◆ **Work item**:
Could you retype the whole listing word for word and drop the images?

◆ **Given data**:
=-=-=-=-=
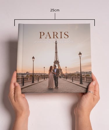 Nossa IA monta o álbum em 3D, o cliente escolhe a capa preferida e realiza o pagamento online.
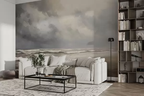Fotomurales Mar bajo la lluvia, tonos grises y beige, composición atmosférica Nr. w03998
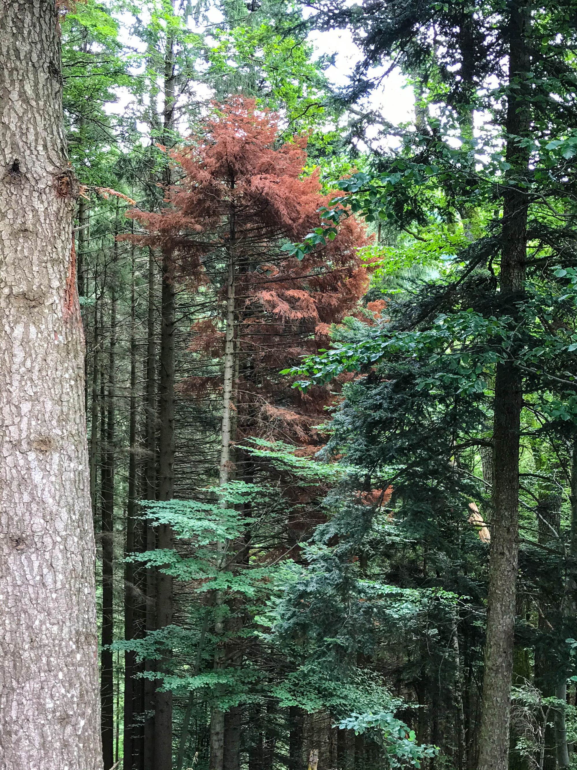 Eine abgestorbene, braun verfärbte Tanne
=-=-=-=-=
◆ **Task output**:
 Nossa IA monta o álbum em 3D, o cliente escolhe a capa preferida e realiza o pagamento online.
Fotomurales Mar bajo la lluvia, tonos grises y beige, composición atmosférica Nr. w03998
 Eine abgestorbene, braun verfärbte Tanne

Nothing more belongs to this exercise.